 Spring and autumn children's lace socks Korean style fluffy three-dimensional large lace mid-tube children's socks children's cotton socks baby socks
==
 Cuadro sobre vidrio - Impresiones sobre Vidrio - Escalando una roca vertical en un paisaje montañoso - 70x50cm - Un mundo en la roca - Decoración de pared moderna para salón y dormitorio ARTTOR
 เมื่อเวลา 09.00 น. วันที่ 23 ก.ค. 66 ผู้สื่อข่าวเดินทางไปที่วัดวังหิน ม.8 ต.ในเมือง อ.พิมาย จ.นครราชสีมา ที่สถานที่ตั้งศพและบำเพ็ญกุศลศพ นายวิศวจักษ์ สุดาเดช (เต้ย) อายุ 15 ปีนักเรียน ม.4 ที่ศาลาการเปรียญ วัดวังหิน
==
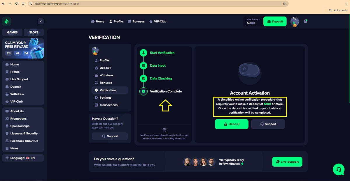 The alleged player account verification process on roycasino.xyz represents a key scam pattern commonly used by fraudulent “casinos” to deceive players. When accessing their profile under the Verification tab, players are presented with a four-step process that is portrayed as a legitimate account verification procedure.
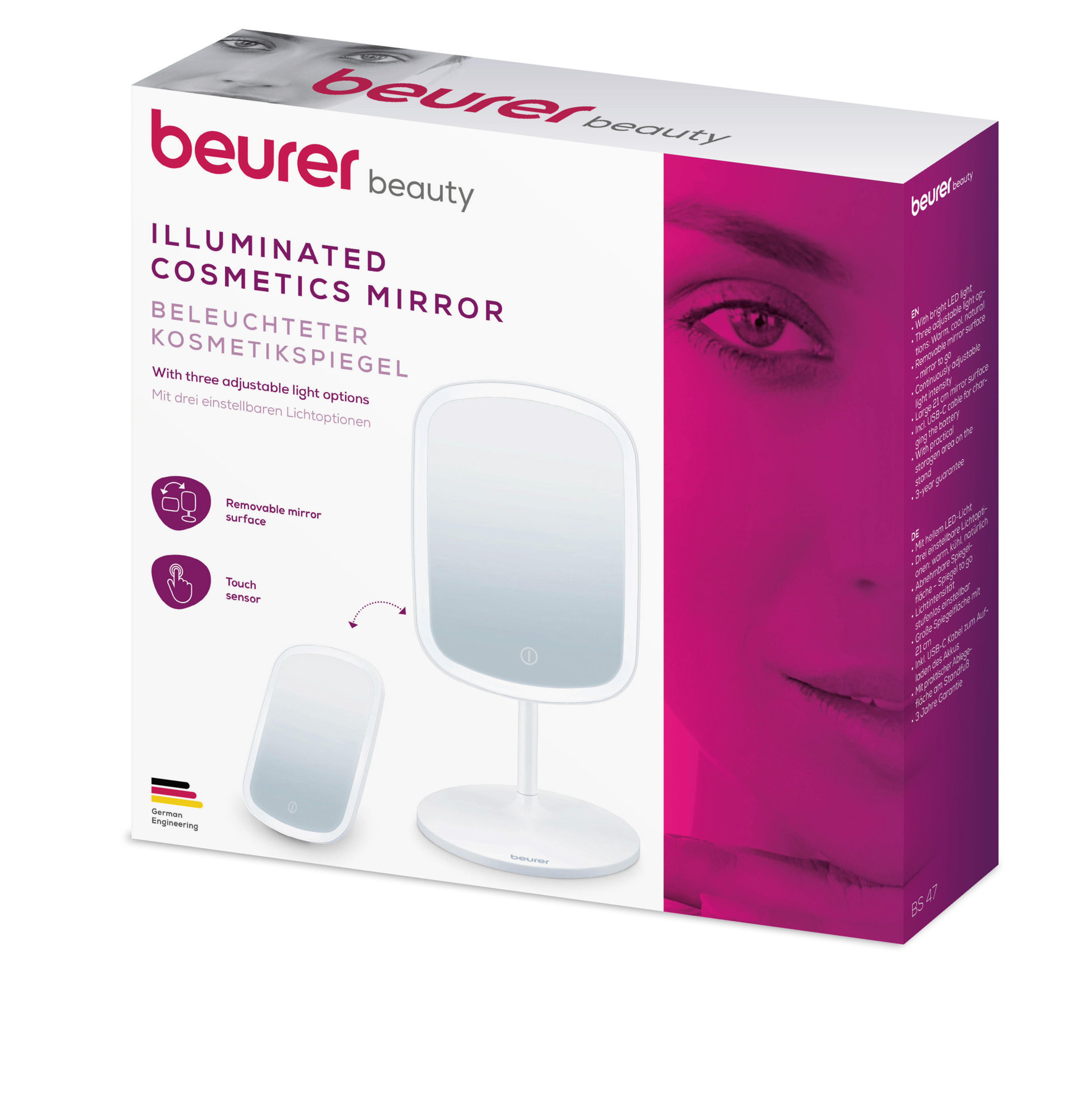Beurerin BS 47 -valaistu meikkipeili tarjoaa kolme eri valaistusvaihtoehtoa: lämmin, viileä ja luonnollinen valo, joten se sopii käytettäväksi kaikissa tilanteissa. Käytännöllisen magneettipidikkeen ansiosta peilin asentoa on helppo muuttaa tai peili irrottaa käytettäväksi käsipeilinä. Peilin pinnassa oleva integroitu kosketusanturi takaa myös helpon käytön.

> YOUR TASK
In the listing above, find the line containing "Cuadro sobre vidrio" and the line containing "เมื่อเวลา 09.00 น.". Output them and every line between, exactly, and nothing else.

> RESPONSE
 Cuadro sobre vidrio - Impresiones sobre Vidrio - Escalando una roca vertical en un paisaje montañoso - 70x50cm - Un mundo en la roca - Decoración de pared moderna para salón y dormitorio ARTTOR
 เมื่อเวลา 09.00 น. วันที่ 23 ก.ค. 66 ผู้สื่อข่าวเดินทางไปที่วัดวังหิน ม.8 ต.ในเมือง อ.พิมาย จ.นครราชสีมา ที่สถานที่ตั้งศพและบำเพ็ญกุศลศพ นายวิศวจักษ์ สุดาเดช (เต้ย) อายุ 15 ปีนักเรียน ม.4 ที่ศาลาการเปรียญ วัดวังหิน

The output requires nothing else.